DETAILED ACTION
The present application, filed on or after March 16, 2013, is being examined under the first inventor to file provisions of the AIA .
Claim Objections
Claim 19 is objected to because of the following informalities: It appears that “devices et” should be “device set” in line 1. Appropriate correction is required.
Claim Rejections - 35 USC § 112
The following is a quotation of 35 U.S.C. 112(b):
(b) CONCLUSION.—The specification shall conclude with one or more claims particularly pointing out and distinctly claiming the subject matter which the inventor or a joint inventor regards as the invention.
The following is a quotation of 35 U.S.C. 112 (pre-AIA ), second paragraph:
The specification shall conclude with one or more claims particularly pointing out and distinctly claiming the subject matter which the applicant regards as his invention.

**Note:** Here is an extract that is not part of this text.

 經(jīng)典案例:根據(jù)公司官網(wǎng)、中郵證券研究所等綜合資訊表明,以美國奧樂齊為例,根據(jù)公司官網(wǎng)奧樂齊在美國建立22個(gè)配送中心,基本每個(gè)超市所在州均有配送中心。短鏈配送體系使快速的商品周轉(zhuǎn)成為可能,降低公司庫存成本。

Claim 6-8, 14, 18 and 20 are rejected under 35 U.S.C. 112(b) or 35 U.S.C. 112 (pre-AIA ), second paragraph, as being indefinite for failing to particularly point out and distinctly claim the subject matter which the inventor or a joint inventor (or for applications subject to pre-AIA 35 U.S.C. 112, the applicant), regards as the invention.

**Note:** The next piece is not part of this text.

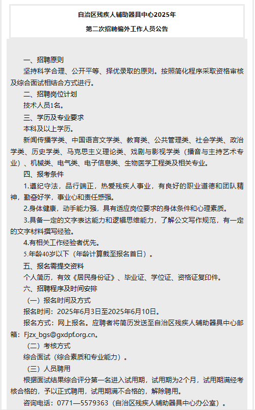 2025年自治區(qū)殘疾人輔助器具中心第二次招聘編外工作人員1人

As to claims 6, 14 and 18, there is a lack of antecedent basis for “the sensing pulse” and “the sensing area.”
As to claim 7, it is unclear if “at least two of the capacitive pixels” spaced apart by at least 120 degrees are the same “at least two of the capacitive pixels” spaced apart by at least 90 degrees in claim 1, or if they are different capacitive pixels.
As to claims 8 and 20, there is a lack of antecedent basis for “the sensing area.”
Claim Rejections - 35 USC § 103
In the event the determination of the status of the application as subject to AIA 35 U.S.C. 102 and 103 (or as subject to pre-AIA 35 U.S.C. 102 and 103) is incorrect, any correction of the statutory basis (i.e., changing from AIA to pre-AIA ) for the rejection will not be considered a new ground of rejection if the prior art relied upon, and the rationale supporting the rejection, would be the same under either status.
The following is a quotation of 35 U.S.C. 103 which forms the basis for all obviousness rejections set forth in this Office action:
A patent for a claimed invention may not be obtained, notwithstanding that the claimed invention is not identically disclosed as set forth in section 102, if the differences between the claimed invention and the prior art are such that the claimed invention as a whole would have been obvious before the effective filing date of the claimed invention to a person having ordinary skill in the art to which the claimed invention pertains. Patentability shall not be negated by the manner in which the invention was made.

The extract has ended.